Cookie warnings: Besides useless, also bad for security?

Cookies allow a website to remember you, as you click from one page to another, as you browse through a website. This is particularly useful when implementing workflows. In technical terms: Cookies add state to the HTTP protocol, which would otherwise be stateless. Not only are HTTP cookies common in practice, they are also the official and standard way of implementing this in HTTP. There are other non-standard ways to keep state (for example by using HTTP GET parameters, or form fields in HTTP POST).

Cookies can also be used for keeping track of a user beyond a single website visit, for hours, days, or years. This would allow a website to recognize you came back. Even without asking you to create an account and login. This kind of tracking can be privacy invasive and this has earned cookies a dubious reputation. But, because cookies are a standard part of HTTP, web browsers support cookies very well and give users significant control over cookies. For example, there are browser preference like “never allow cookies”, “ask me always”, or “delete cookies upon exit”, etc.. Browsers also offer so-called “private web browsing” which start a new browser session with a clean sheet, without any cookies.

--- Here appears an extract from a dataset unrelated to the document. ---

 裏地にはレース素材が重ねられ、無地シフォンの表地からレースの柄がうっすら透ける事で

Browsers also enforce access control on cookies, keeping cookies in a box, so that the cookies from one website are not accessible to other websites, and cannot be sent somewhere else easily.

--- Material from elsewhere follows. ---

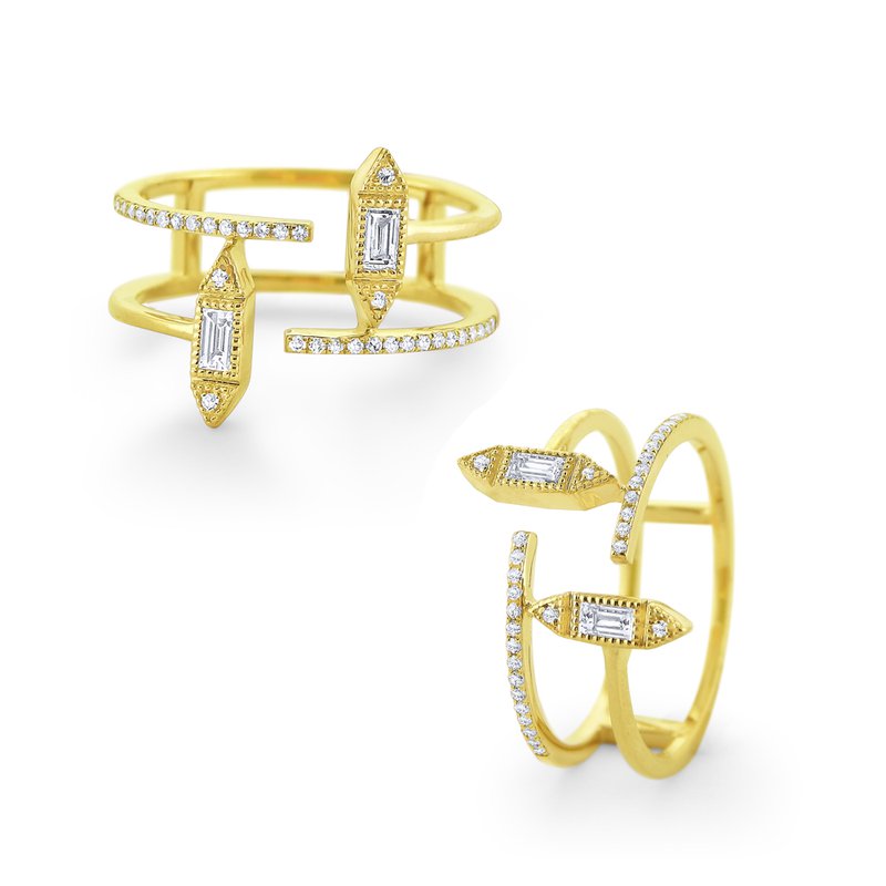 Double Diamond Band with Art Deco Details Set in 14 Kt. Gold
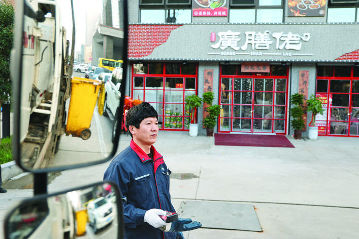 ▲山西中鑫环保科技有限公司的工作人员在中心城区一家饭店前收集餐厨垃圾。目前,餐厨垃圾转运车有15辆,负责收集、运输中心城区、平陆县等区域的1600余个点位的餐厨垃圾。

It is good to know that some the web browser features controlling cookies can be circumvented. For this the website developers needs to deviate from the standard HTTP cookie. See for example the ENISA paper on privacy and information security risks of cookies which discusses so-called ever-cookies. It has been compared to an arms race, but the good news is that the web is standardizing and converging to HTML5, so there is less and lss room for unexpected behaviour (i.e. state stored via plugins, local storage, etc). Browser vendors work to make sure that “clear cookies” means indeed that. And they work to ensure that “private browsing” indeed starts you with a clean sheet.

In 2009, driven partly by an EU directive, EU countries adopted a range of new rules on cookies. Some countries became very restrictive. For example, the Dutch legislation, apparently went too far for the Dutch EU commissioner of the Digital Agenda, Neelie Kroes. Some countries tried to leave websites the choice to implement cookies in a privacy-friendly way – not always with good results. Here is an interesting and critical article about the UK government’s rules on cookies, for instance. I have used some of their pictures in this article for amusement. Regardless of the good intentions, aimed at ending the practice of tracking users, the practical outcome (across the EU) of these policy initiatives was an epidemic of warning messages on websites, asking website visitors every time to click “Yes, accept?” or “No, I don’t”. The second choice usually meaning “Bye bye”.

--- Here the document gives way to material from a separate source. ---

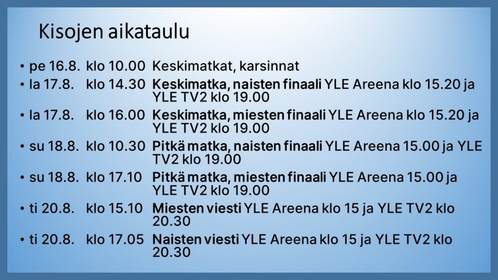 Kisoissa on ohjelmassa ensin perjantaina keskimatkan karsinta. Sen lähtöajat ovat jo selvillä ja alempana on essulaisten lähtöajat. Lauantaina juostaan keskimatkan finaali. Ensin on naisten kisa ja sitten miesten kisa. Pitkän matkan kilpailu on sunnuntaina. Siihen ei ole erikseen karsintaa. Maanantai on välipäivä ja kisat huipentuvat tiistaina juostaviin viesteihin. Niissä miehet juoksevat ensin ja sitten naiset.
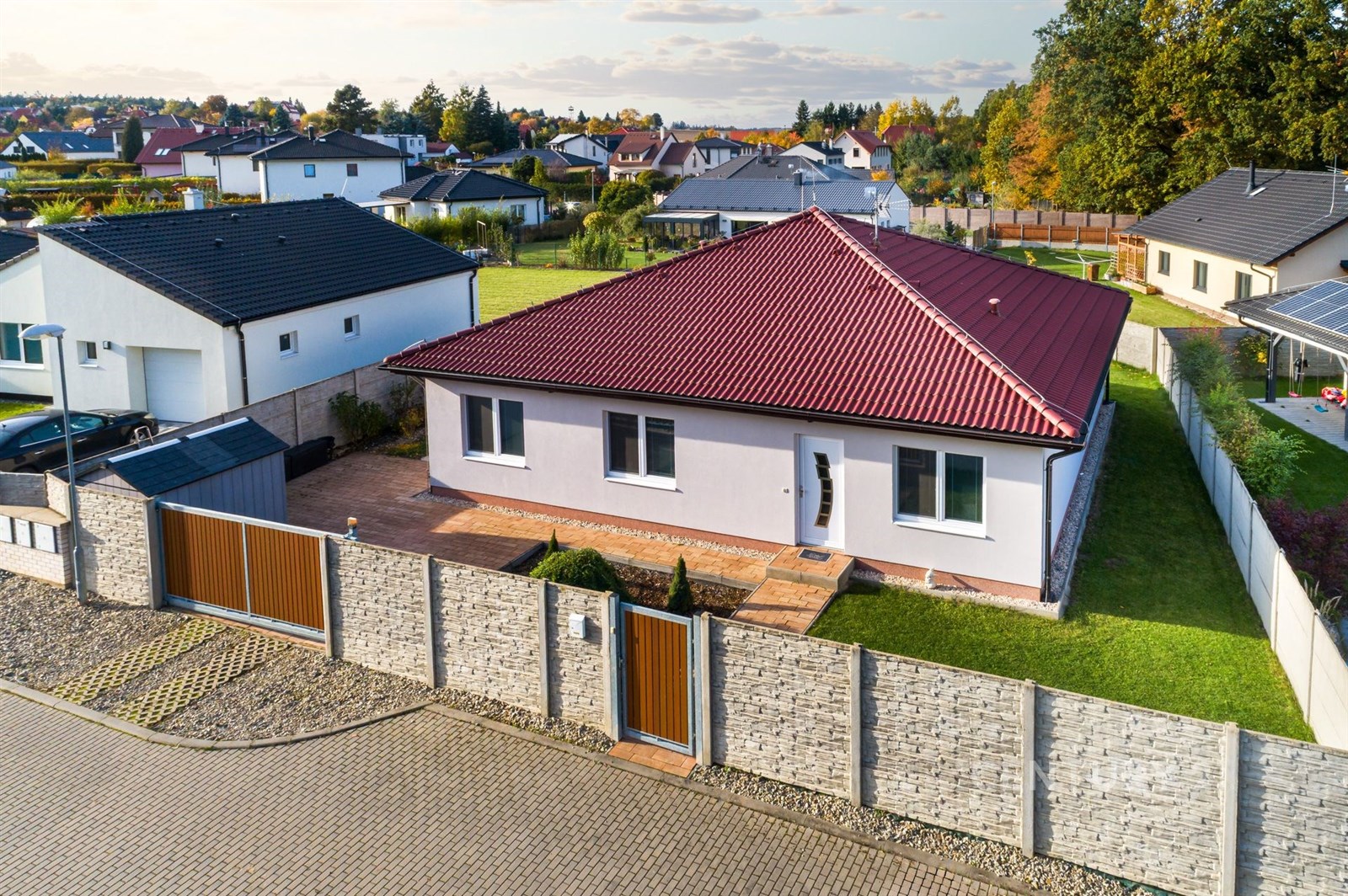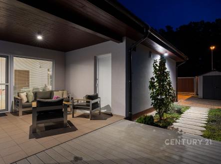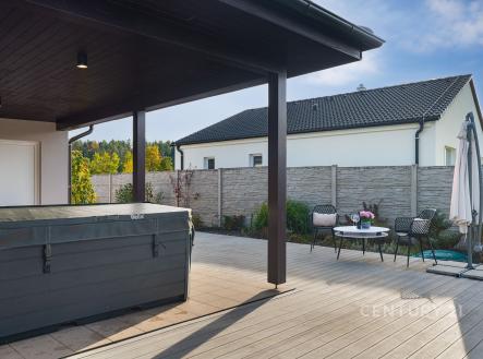 Na klidném místě obklopeném přírodou stojí dům, který vznikl bez kompromisů. Postavený v roce 2018 renomovanou firmou HP Domy jako dřevostavba, která krásně drží teplo a působí stále jako nový . Nabízí 136 m² obytné plochy, promyšlenou dispozici 5+kk a pozemek 786 m². Uvnitř domu vás přivítá světlý a vzdušný interiér, kde má všechno své místo. Každý z pokojů má vestavěnou skříň, v obývací části nechybí vestavná stěna a důmyslně řešený úložný prostor. O komfort se stará řízené větrání s rekuperací, podlahové vytápění a zabezpečovací systém. Kuchyň byla vyrobena na míru studiem Sykora, vybavena spotřebiči v kombinaci Miele a Electrolux, která je dokonale sladěna s obývacím prostorem. Na terasu se vychází přímo z obýváku i ložnice – část je zastřešená a je v kombinaci dřevoplast a dlažba, ideální pro posezení za každého počasí. A navíc: celoroční vířivka Wellis pro 6 osob luxusní místo pro relaxaci po náročném dni. Dům má prostornou koupelnu, samostatné WC, technickou místnost, dvě parkovací stání před domem a jedno na pozemku, prostorný sklad na cokoliv i zahradní domek na zahradní nářadí. Zahrada je soukromá, udržovaná, rovinná s prostorem i na bazén. Vyžlovka je místo, kde se žije v rytmu přírody. Les začíná hned za domem, na dosah jsou Voděradské bučiny, cyklostezky, ráj pro běžkaře, i vyhlášené Vyžlovské koupaliště. V létě se tu chodí na jahody, maliny nebo houby, v zimě se bruslí na zamrzlých rybnících. V obci je obchod, škola, hřiště, posilovna a oblíbená Pizzerie Vyžlovka. Do Prahy je to přibližně 30 minut, do Říčan pár minut autem (11 km) a přímý autobus vás doveze až na Háje. Dům, který má promyšlený každý detail. Místo, kde se dá dýchat, žít a odpočívat. Vyžlovka – domov, který stojí za to vidět.

The real problem is the hidden tracking of users. Asking users if they like cookies is really besides the point. There are plenty of ways to track users, for example via the IP address of the user (IPv6 is coming, so each users will have a unique IP address soon), via browser profiling, via variables in the URL, via hidden fields in the page, via third-party 1-pixel image, etc. The cookie is not the problem.

There can be little discussion about how this daily internet meme of clicking away cookie warnings is useless, uninspiring and time-consuming. I still need to meet the first person who reads the warning and then clicks “no”. It also a costly and inefficient approach to giving the user control, because control over cookies can be handled much better by the browser itself.

What is more important is that these cookie warnings are a security risk. We are training people to click “Yes, accept” every time a website is visited. This weakens an important and widely used security mechanism, which is to ask explicit authorization or consent for a security critical action. Cookie warnings increase the risk that users, when caught in a drive-by-download attack, mindlessly click “Yes, accept”, when prompted to run an applet, or install code, or give the page access to location-data. From an IT security perspective it is a very bad idea to train users to click mindlessly on warning messages. In other words, for the bulk of the users who are now handling cookie warnings, the cookie warnings do not improve privacy, but they just increase risks for their privacy.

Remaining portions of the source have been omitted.